Monday, November 14, 2011
Political Smokescreens and the Corporate Barebacking of Africa
English premier David Cameron played the homosexuality card to draw attention to his current flavor of British aid to Africa, but presumably to draw attention away from the fact that the actual amount of aid is shrinking, and perhaps a few other political indiscretions. He probably wouldn't like anyone to scrutinize how much of the aid still flowing is 'ghost' aid, or just a subsidy to British industry and consultancies.
Even less would he like anyone to scrutinize how much money leaves countries like Tanzania, destined for one of those tax havens, most of which are also controlled by Britain, to swell the bulging numbered accounts of wealthy British companies. Of course, some of those companies go bust, but it's Tanzania and Tanzanians who pay the biggest price.
Now the Tanzanian premier, Mizengo Pinda, is playing the homophobia card, which could draw attention away from any number of political shenanigans. The country has "refused to accept homosexuality because the country wants to safeguard its people's moral standards". But is it 'the people's' moral standards that are in need of safeguarding? What about the moral standards of those who have soaked up millions of dollars of aid money every year for several decades?
Will the Tanzanian government ask Britain's Sun Biofuels, or David Cameron's sanctimonious government, to compensate the victims of just one of many land-grabbing operations that both governments ably (and, presumably, profitably) facilitated? Or is the moral 'threat' of homosexuality likely to cause more poverty, more starvation, more disease and more death than all the corporate thieves currently making off with the country's resources while Tanzanians starve?
Just a kilometer down the road from where I work there are cut flower production units, famous for producing cheap flowers for rich countries, with the judicious use of cheap labor, sanctioned by various nice sounding schemes, such as 'export processing zones', trade agreements, etc. A little further away there's a Tanzanite operation, famous for keeping costs low by the use of child labor.
In several regions there are gold mines and Tanzania has the third biggest gold reserves in the whole of Africa. But it's not Tanzania or Tanzanians who get the bulk of profits for these exports, it's not even Africans. There are also uranium mines, coal, natural gas and various other commodities extracted from the country with the use of favorable 'regulation', cheap labor and raw materials, but without the need to pay any more than a few percent to the Tanzanian government, no more than 3% and probably a lot less.
The smokescreen of abortion is used to hide the serious lack of health provision and appalling conditions, especially for the poorest. The smokescreen of contraception aims to hide the use of Africans as a massive market for birth control methods that are considered too dangerous to be used by non-Africans, and there's the use of illiterate and vulnerable people as cheap research fodder for drugs that are ultimately only affordable to Westerners (and sometimes to Western aid budgets).

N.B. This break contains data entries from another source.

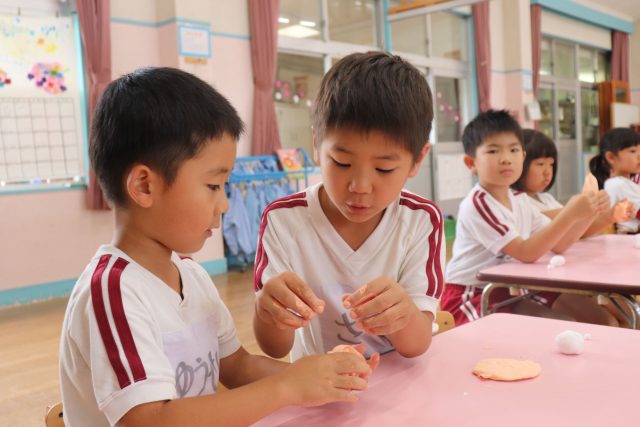 | きく組さんも紙ねんどをこねて、色を混ぜていきます | ||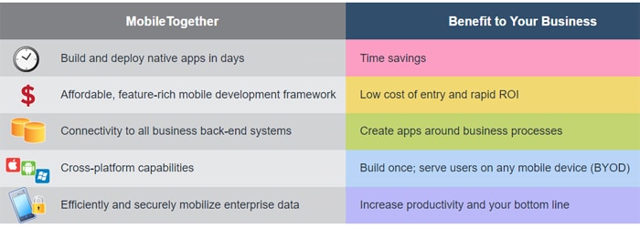 OK, let’s circle back to the five requirements for RMAD tools above, specifically as they apply to the MobileTogether framework: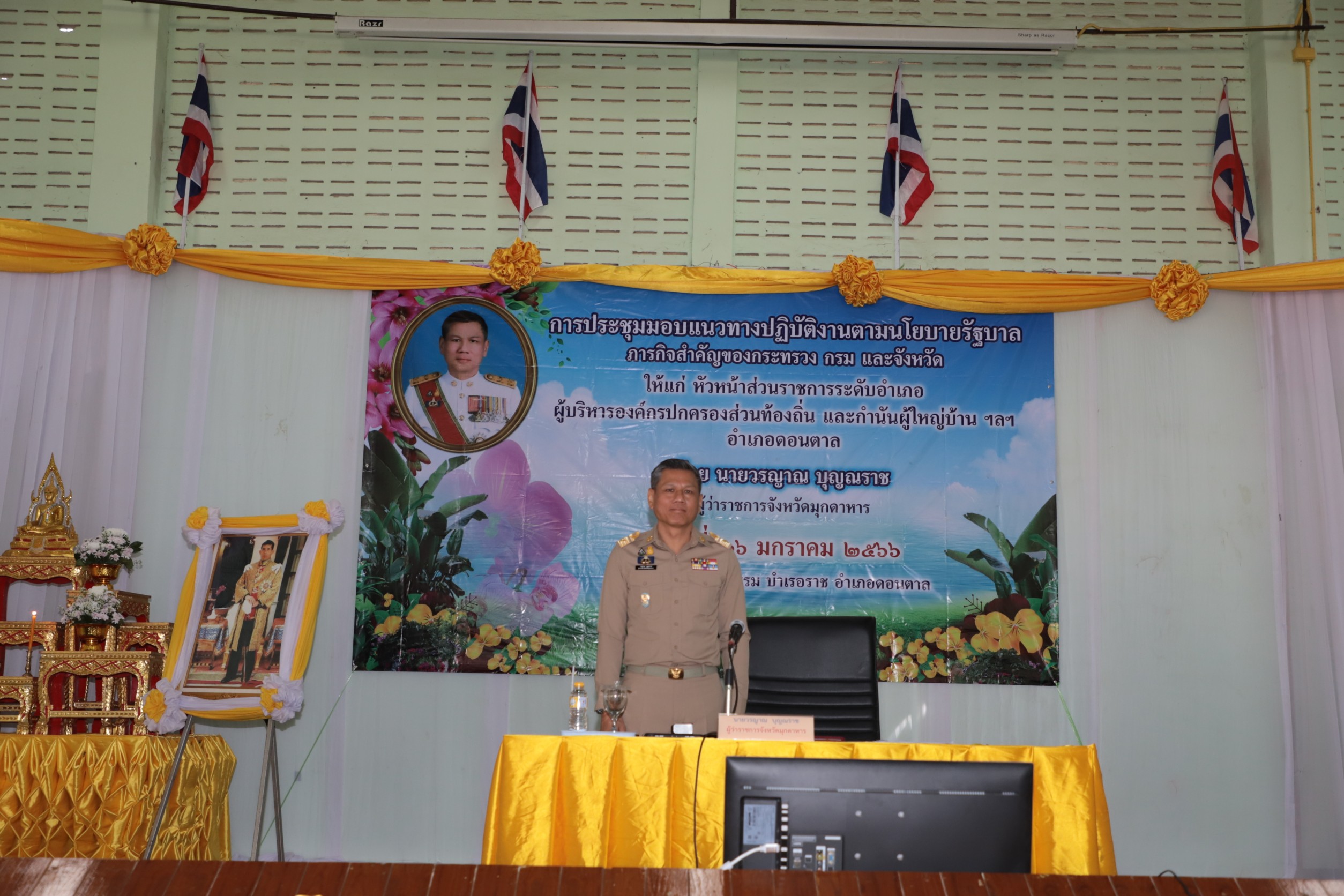 มุกดาหาร/เมื่อวันที่ 26 มกราคม 2566 เวลา 10.00 น. นายวรญาณ บุญณราช ผู้ว่าราชการจังหวัดมุกดาหาร มอบแนวทางการปฏิบัติงาน ให้แก่หัวหน้าส่วนราชการ หัวหน้าหน่วยงานรัฐวิสาหกิจ ผู้บริหารองค์กรปกครองส่วนท้องถิ่น กำนันผู้ใหญ่บ้าน และผู้ปฏิบัติงานในพื้นที่ โดยมีนางอัญชลี กัลมาพิจิตร นายกเหล่ากาชาดจังหวัดมุกดาหาร นางกัลยกร สุขสานต์ รองนายกองค์การบริหารส่วนจังหวัดมุกดาหารและส่วนราชการที่เกี่ยวข้อง เข้าร่วม ณ หอประชุมสุธรรมบำเรอราช อำเภอดอนตาล จังหวัดมุกดาหาร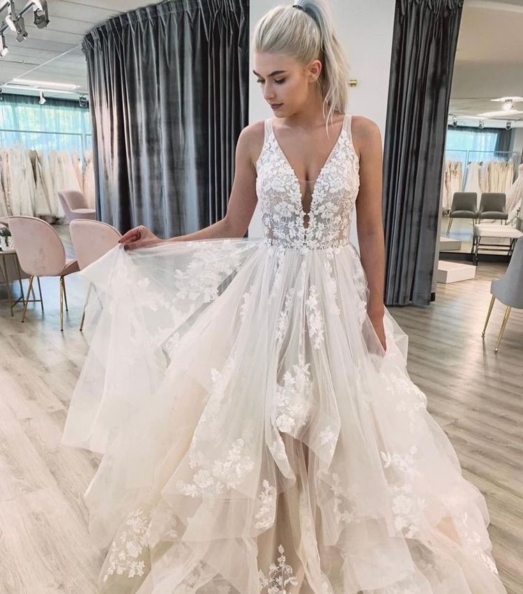 V Neck Wedding Dresses Bridal Gown with Appliques Lace

There's even the (so-called voluntary) sterilization of African women, said to be of global benefit, because population control is the favored development paradigm for many of the best funded international NGOs. Mass male circumcision to reduce 'sexual' transmission of HIV and other diseases hides the fact that the 'global health' industry has no wish to eradicate HIV, or anything else, when it's so lucrative not to do so.

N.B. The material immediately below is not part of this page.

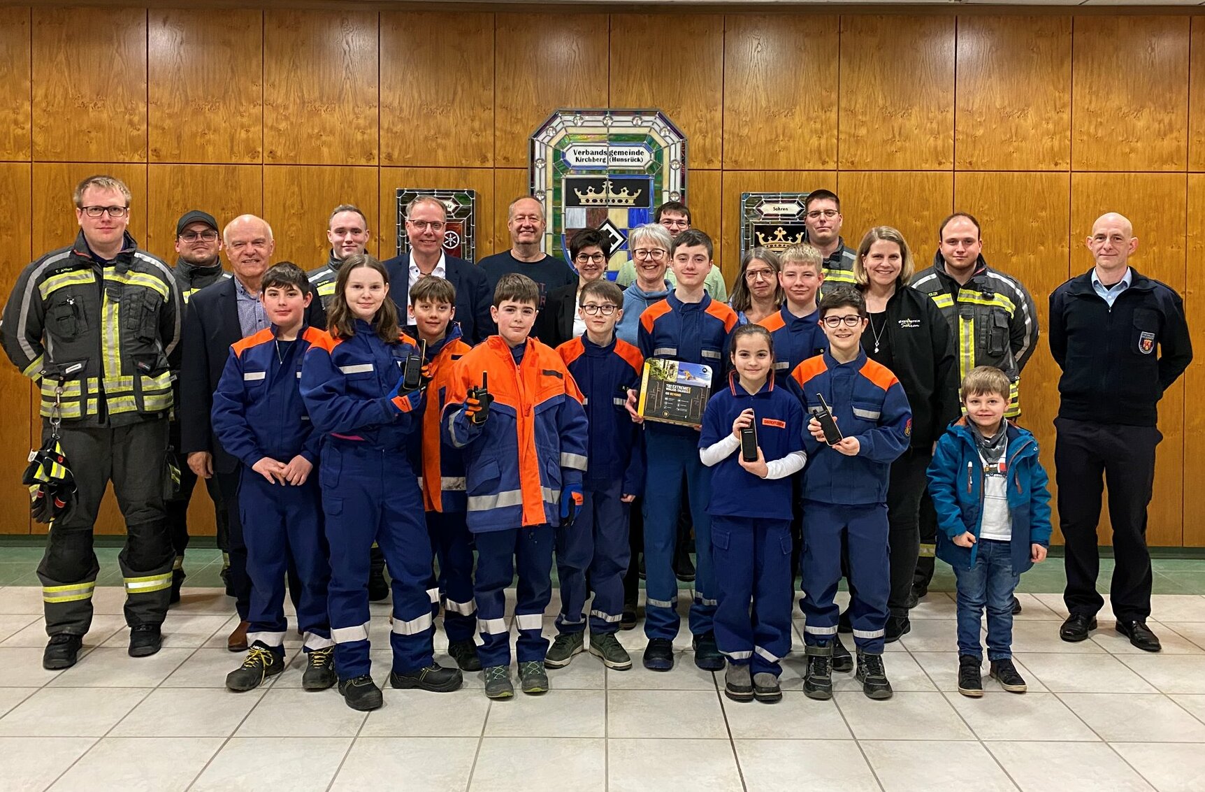 Diesen kommt der Spendenerlös mit der stolzen Summe von 2.150 Euro zu Gute. Mit den Spendengeldern werden Funkgeräte sowie Atemschutzattrappen beschafft, um den theoretischen Einsatz zu üben. Hierzu übergab Bürgermeister Harald Rosenbaum vor dem Ende seiner Amstzeit symbolisch eins von insgesamt sieben anzuschaffenden Funkgerätesets an die anwesenden Jugendlichen der Jugendfeuerwehren Kirchberg.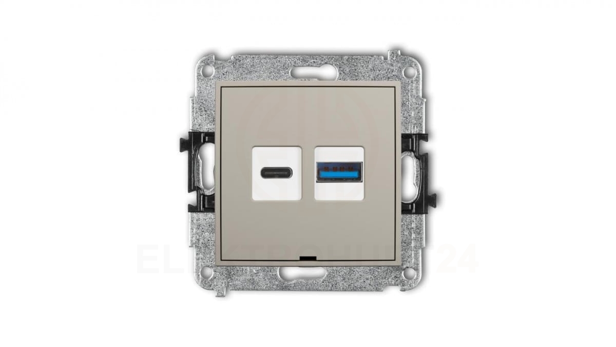 MINI Mechanizm ładowarki USB podwójnej USB C + USB A, 20W max., bez pola opisowego taupe 60MCUSBBO-8

Are all those who are denying Tanzanians their rights, their wealth, their health and their lives homosexuals? Are all thieves, especially the multinational, state-sponsored ones, homosexuals? Is all the 'immorality' one finds in Tanzania so bound up with homosexuality that the issue needs to be raised in parliament and senior politicians need to 'protect' Tanzanians from these terrible threats? Politicians aside, don't Tanzanians realize who is doing the barebacking?